About suspects.app
suspects.app is a public-records aggregator. It indexes news coverage of wanted or at-large suspects — links to articles, posts, and video, tagged by US location. We collect what's already in the public record; we don't add to it.
This is not a court, a police database, or an adjudication of guilt. Everyone named in a linked story is presumed innocent until convicted. We are a search-and-index layer on top of news already published elsewhere.
What "verified" and "unverified" mean here
The stamp on each report describes the source, not the underlying facts:
- Verified — the source is a recognized news outlet (wire services, established press, local TV/radio affiliates, .gov releases). The story exists and was published by an outlet with editorial accountability. Whether the underlying facts are correct, complete, or fair is between the reader and the outlet.
- Unverified — the source is something else: a social-media post, a community forum, a video clip with no outlet attribution. These reports survive because a user thought they were noteworthy, but no recognized newsroom has stood behind them. Read with appropriate skepticism.

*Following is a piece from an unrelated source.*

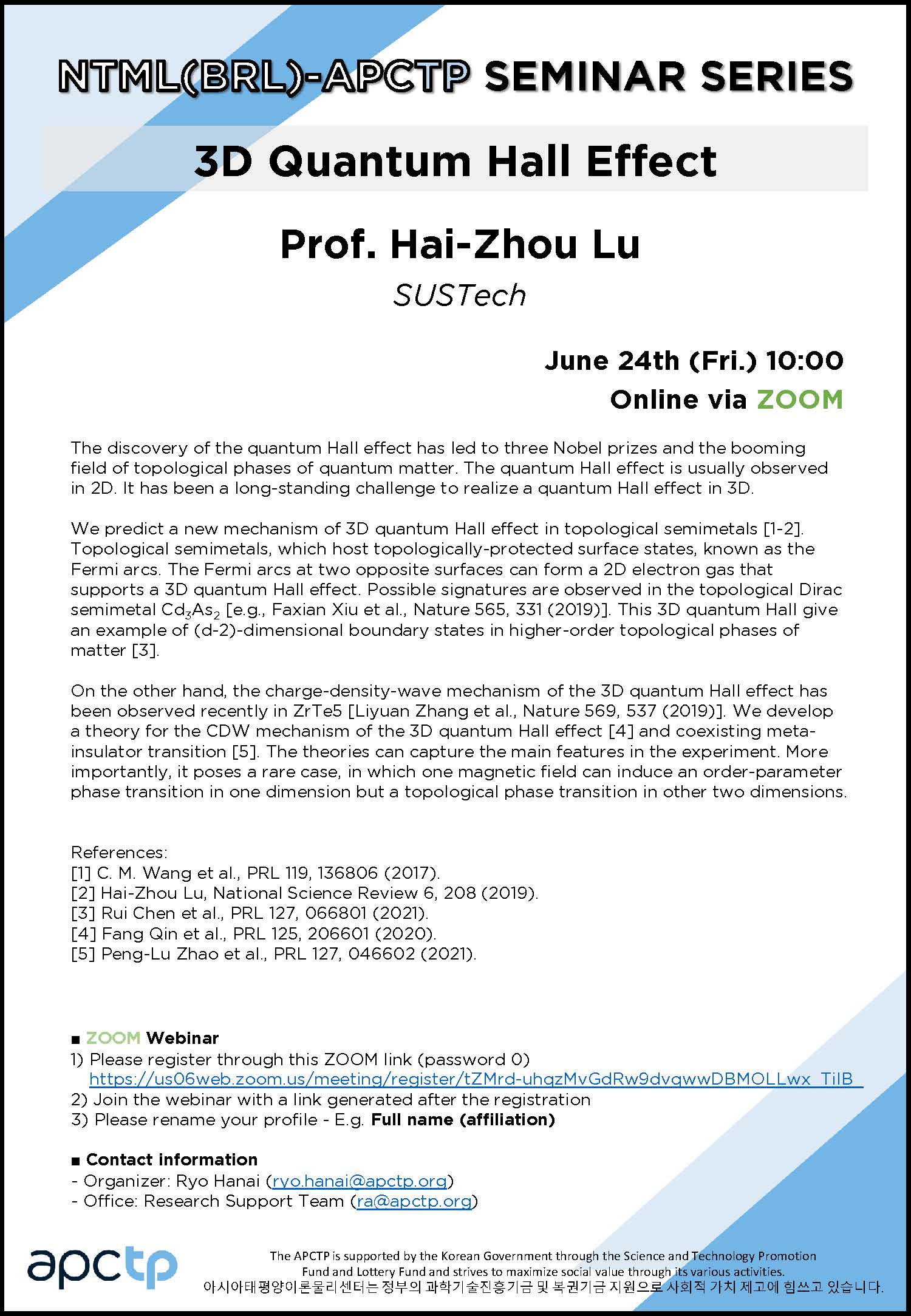 | Title | [JRG] NTML(BRL)-APCTP Seminar Series on Topological Matter Out of Equilibrium: 3D Quantum Hall Effect | ||||||

- Disputed — a moderator has flagged the report. Treat it as actively contested until resolved.
A "verified" stamp is a statement about the link, not the person.
Rules of the room
- Source URL is required. No accusation without a citation.
- Frame subjects as persons of interest, not "guilty."

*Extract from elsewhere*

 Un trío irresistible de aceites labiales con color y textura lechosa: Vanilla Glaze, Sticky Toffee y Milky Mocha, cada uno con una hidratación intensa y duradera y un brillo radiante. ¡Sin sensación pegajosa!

- No naming uncharged individuals without a cited source.
- No doxxing. No minors.
- Soft-deletes preserve an audit record for 90 days; reposting deleted material is a ban.
Why no email or phone?
Because we don't want it. Account recovery is via a 40-character recovery key generated at signup. You download it once. Lose it, lose the account. No password resets via email — no email exists to reset against.
Takedowns
The takedown form is for unfounded user submissions — a Facebook rant, a forum post, a random video clip, anything filed here that shouldn't have been.
Takedowns are not a route to suppress news coverage. If a recognized news outlet published a story you believe is wrong, take it up with the outlet — they have a corrections process. We index what's already in public circulation; removing our link doesn't unpublish the original story.